The proof of the following proposition (A.21) gives me trouble:
If X and XY are integrable and Y is measureable with respect to $\mathcal F$, then $$ \mathbb E [XY | \mathcal F] = Y \mathbb E[X|\mathcal F]. $$
The proof:
If $A\in\mathcal F$, then for any $B \in \mathcal F$, $$ \mathbb E[\ 1_A \mathbb E [X|\mathcal F];B\ ]=\mathbb E[\ \mathbb E [X|\mathcal F];A\cap B\ ] = \mathbb E [X; A\cap B] = \mathbb E [1_A X; B]. $$ (and more arguments $\dots$)
Three questions:
- Does $\mathbb E[X; A]$ mean $\mathbb E[X 1_A]$ in terms of notation?
- How does the second "$=$" work? What is the argument here?
- After the part of the proof I wrote above, the author then writes that this argument is enough two show the statement for indicator functions (i.e. $Y=1_A$) due to linearity.
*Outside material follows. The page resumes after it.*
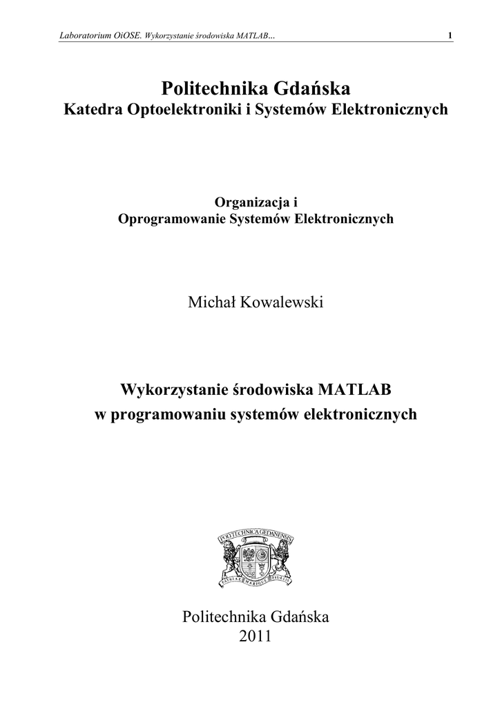 Laboratorium OiOSE. Wykorzystanie środowiska MATLAB...
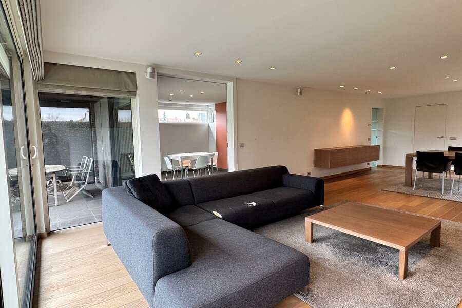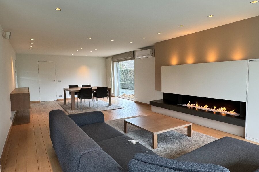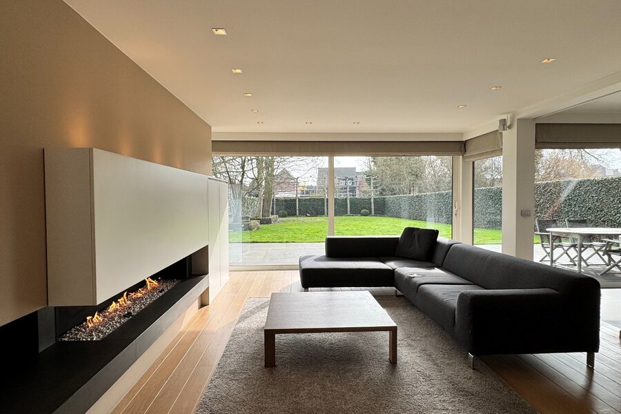 De leefruimte is lichtrijk en biedt dankzij de grote raampartijen een aangenaam zicht op de tuin. De massieve parket zorgt voor een warme uitstraling, terwijl de open gashaard een sfeervol accent toevoegt.

The original statement does not have the expectation there though, so why is this argument enough? What does linearity have to do with it?
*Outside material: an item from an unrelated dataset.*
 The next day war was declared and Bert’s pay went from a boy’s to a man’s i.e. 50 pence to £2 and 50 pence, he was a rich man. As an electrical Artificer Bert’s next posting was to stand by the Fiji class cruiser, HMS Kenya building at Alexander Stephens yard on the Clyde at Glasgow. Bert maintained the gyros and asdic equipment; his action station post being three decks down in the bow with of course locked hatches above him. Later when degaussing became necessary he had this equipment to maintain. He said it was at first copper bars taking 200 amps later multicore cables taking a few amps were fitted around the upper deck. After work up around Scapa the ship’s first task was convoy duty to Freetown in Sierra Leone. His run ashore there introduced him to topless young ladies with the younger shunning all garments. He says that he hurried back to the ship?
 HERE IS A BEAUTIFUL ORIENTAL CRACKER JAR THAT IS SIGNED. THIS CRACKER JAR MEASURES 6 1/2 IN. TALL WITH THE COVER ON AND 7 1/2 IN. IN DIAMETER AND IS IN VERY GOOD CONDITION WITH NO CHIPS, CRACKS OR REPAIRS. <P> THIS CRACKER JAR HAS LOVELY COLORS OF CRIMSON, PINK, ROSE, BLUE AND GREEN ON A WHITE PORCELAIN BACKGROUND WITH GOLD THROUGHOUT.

Any help is highly appreciated!
For your first question, yes $\mathbb E[X;A]:\mathbb E[X\boldsymbol 1_A]$. So, $$\mathbb E[\boldsymbol 1_A\mathbb E[X\mid \mathcal F];B]=\mathbb E[\boldsymbol 1_{A}\mathbb E[X\mid \mathcal F]\boldsymbol 1_B]=\mathbb E[\mathbb E[X\mid \mathcal F]\boldsymbol 1_{A\cap B}]=\mathbb E[\mathbb E[X\mid \mathcal F],A\cap B].$$
Therefore, if $Y\geq 0$, there is a a sequence $(Y_n)$ of simple function s.t. $Y_n\nearrow Y$, and thus, for $Y\geq 0$, the formula follow by monotone convergence theorem. Finally if $Y$ is only $\mathcal F-$measurable, then you can write it as $Y^+-Y^-$ where $Y^+=\max\{Y,0\}\geq 0$ and $Y^-=-(\min\{Y,0\})\geq 0$, and thus apply apply the formula to $Y^+$ and $Y^-$.